Avventure/ 3: Le illustratrici cattive vanno dappertutto

[di Giulia Sagramola]

Il primo marzo Teiera ha compiuto due anni. E come al solito, siamo in ritardo. Abbiamo iniziato portando le nostre prime creazioni nel 2010 al Festival Internazionale di fumetto Bilbolbul a Bologna.
Avevamo preparato i primi piccoli libri fotocopiati, spillati o cuciti a mano: La Faccia di Cristina Spanò; Cosas Raras di Giulia Sagramola; il piccolo poster Paesaggio di Serena Federici; e la piccola storia Due di Alvaro Ortiz.
Fin dall'inizio, per noi autoproduzione ha significato ideare, progettare, realizzare e vendere autonomamente libri e altro prodotti editoriali creati da noi e da artisti invitati a partecipare al progetto, in assoluta libertà. Senza filtri.

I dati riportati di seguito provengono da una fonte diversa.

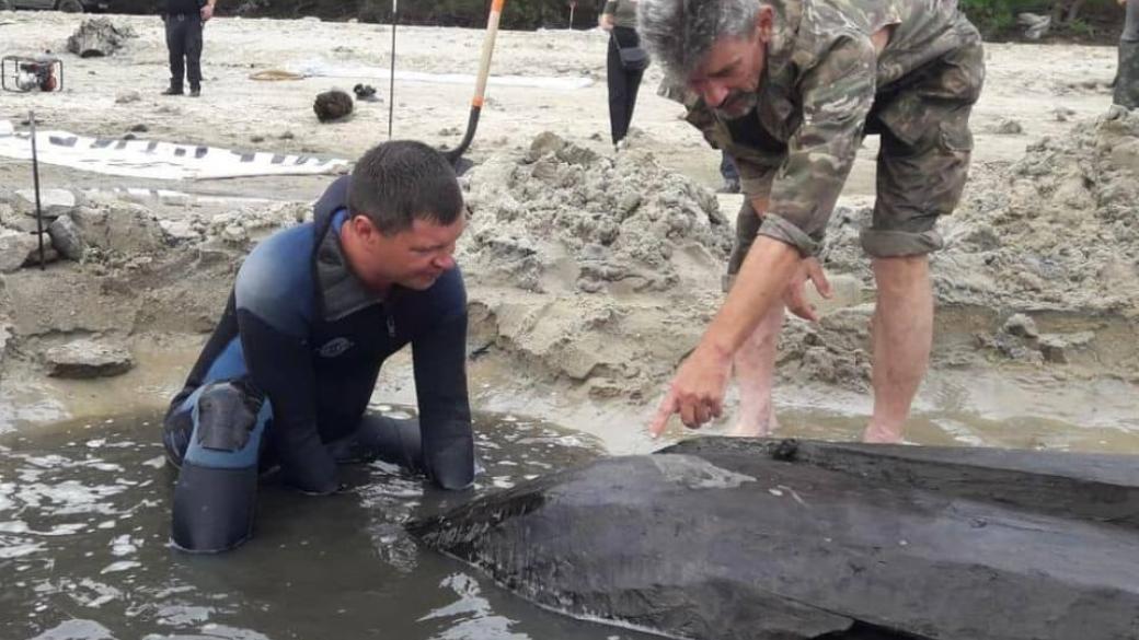 После подрыва оккупантами дамбы Каховской ГЭС археологи нашли на обмелевшем дне Днепра, семиметровую лодку из ствола дуба.
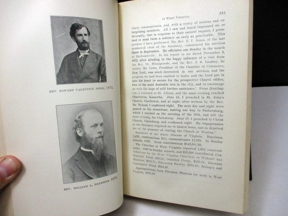 A History And Record Of The Protestant Episcopal Church West Virginia Diocese 1902 A History And Record Of The Protestant Episcopal Church In The Diocese Of West Virginia By Geo. W. Peterkin Published 1902 Entered according to an act of congress in the year 1901 854 Pages Condition: The cover has light wear on the corners and light fading on the bottom edge. The hinges have partial cracks in the paper covering. Shipping Notes: We do offer reduced shipping costs when buying multiple items.
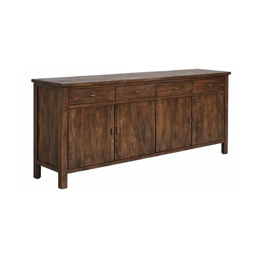 The Palma 2m Antique Brown Sideboard is a versatile piece of furniture, traditionally used in dining rooms, but can be used in living rooms, hallways, and entryways to add to your living space. It consists of 4 drawers and 4 cupboards, and it provides additional storage and easy accessibility for cutlery, linens, electronics or items you want to hide in plain sight.
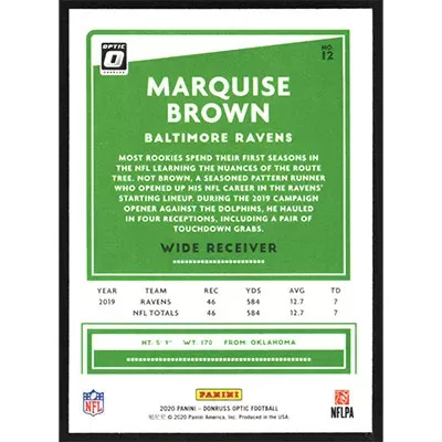 This is a 2020 Donruss Optic Marquise Brown football card. The card is #12 and pictures show condition.
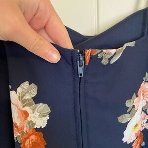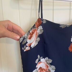 Women’s Trixxi dress. Dress is navy blue with floral pattern. Has spaghetti straps that are adjustable. Zips up the back. Fully lined. Size small. Smoke free home!

Da allora continuiamo a realizzare libri artigianali secondo lo stesso modello: invitiamo a collaborare amici, colleghi o artisti che ci piacciono; spieghiamo loro le condizioni; e, se accettano, pubblichiamo, assembliamo e promuoviamo i loro lavori.
In generale, gli artisti che pubblichiamo ci raccontano la loro idea, ne discutiamo, poi, a tavole finite, impaginiamo, a volte creando anche la grafica, a volte mantenendo il progetto grafico originale della proposta.
A Teiera siamo in tre: Cristina Spanò (qui sotto, a sinistra) e Giulia Sagramola (a destra) le fondatrici; e, dallo scorso ottobre, si è aggiunta Sarah Mazzetti (quella che si capisce subito che ha studiato allo IED)

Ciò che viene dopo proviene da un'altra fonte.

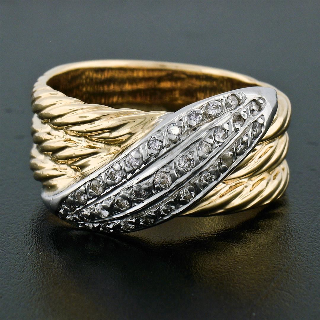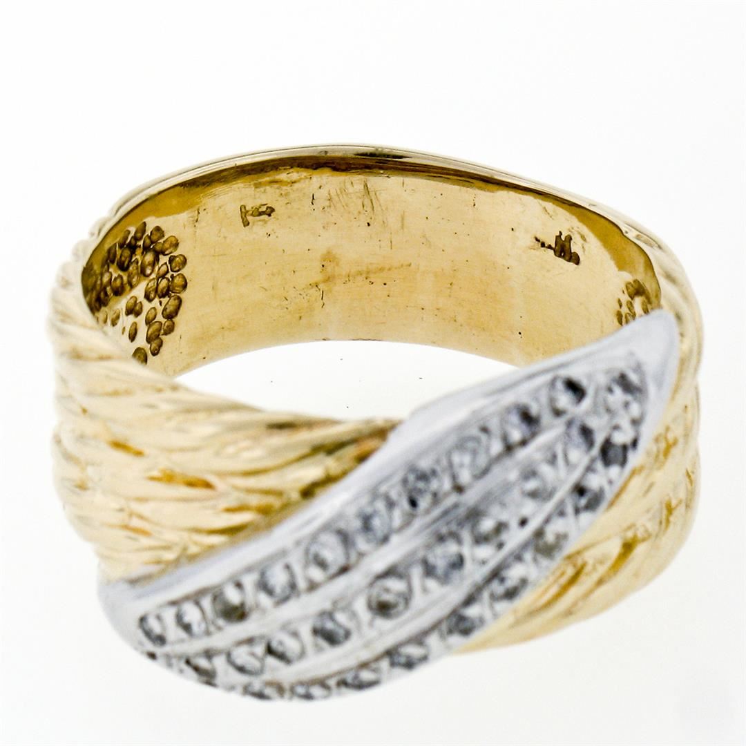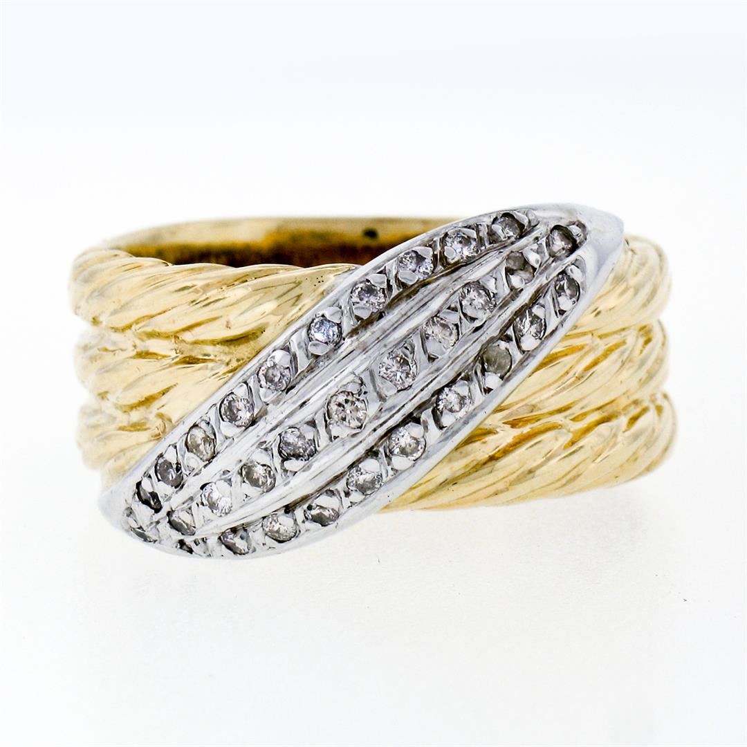 A vintage solid 14k white and yellow gold cable wide ring, with 30 round brilliant cut natural diamonds (H/I- SI1/SI2 ; 0.30ctw). The ring is size 10.5, weighs a total of 12.28 grams, and measures 13.0mm wide.

Teiera è nata in un periodo particolare delle nostre vite. Cristina si trasferiva a Barcellona; io mi stavo laureando; ma volevamo continuare a lavorare insieme, a distanza. Realizzare piccoli progetti editoriali, condividerli via Internet per poi stamparli e rilegarli a mano era una cosa che potevamo fare. Abbiamo pensato che il risultato della stampa in copisteria non sarebbe stato molto di diverso, a Bologna o a Barcellona. E questo significava anche avere due mercati: mentre io mi occupavo di promuovere e vendere le nostre creazioni in Italia, Cristina poteva fare altrettanto a Barcellona, frequentando gli eventi legati all'autoproduzione e al libro d'artista.

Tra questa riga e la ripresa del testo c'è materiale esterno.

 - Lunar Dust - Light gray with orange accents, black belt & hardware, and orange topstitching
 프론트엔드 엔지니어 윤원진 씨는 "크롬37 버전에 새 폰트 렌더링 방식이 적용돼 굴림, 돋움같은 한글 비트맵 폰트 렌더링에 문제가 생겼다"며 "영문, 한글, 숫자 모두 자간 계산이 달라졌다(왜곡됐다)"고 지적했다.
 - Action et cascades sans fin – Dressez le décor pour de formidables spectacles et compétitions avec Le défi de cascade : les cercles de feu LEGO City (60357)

L'idea di realizzare a mano i nostri libri ci entusiasmava: entrambe passiamo (a volte anche lavorando) troppo tempo al computer; tornare a realizzare qualcosa manualmente, per quanto potesse essere un'attività puramente meccanica, come cucire 50 libretti, ci sembrava il massimo.  Ancora oggi, realizzare i nostri libri ci costringe a staccarci dallo schermo, a riacquistare il piacere dell'uso delle mani, a ritrovare materiali e strumenti che avevamo imparato a usare studiando cartotecnica. Un piacere che rimane anche se, come a volte è accaduto, si deve fare tutto in fretta, all'ultimo minuto, prima, se non durante, una fiera del fumetto o un mercatino di editoria indipendente.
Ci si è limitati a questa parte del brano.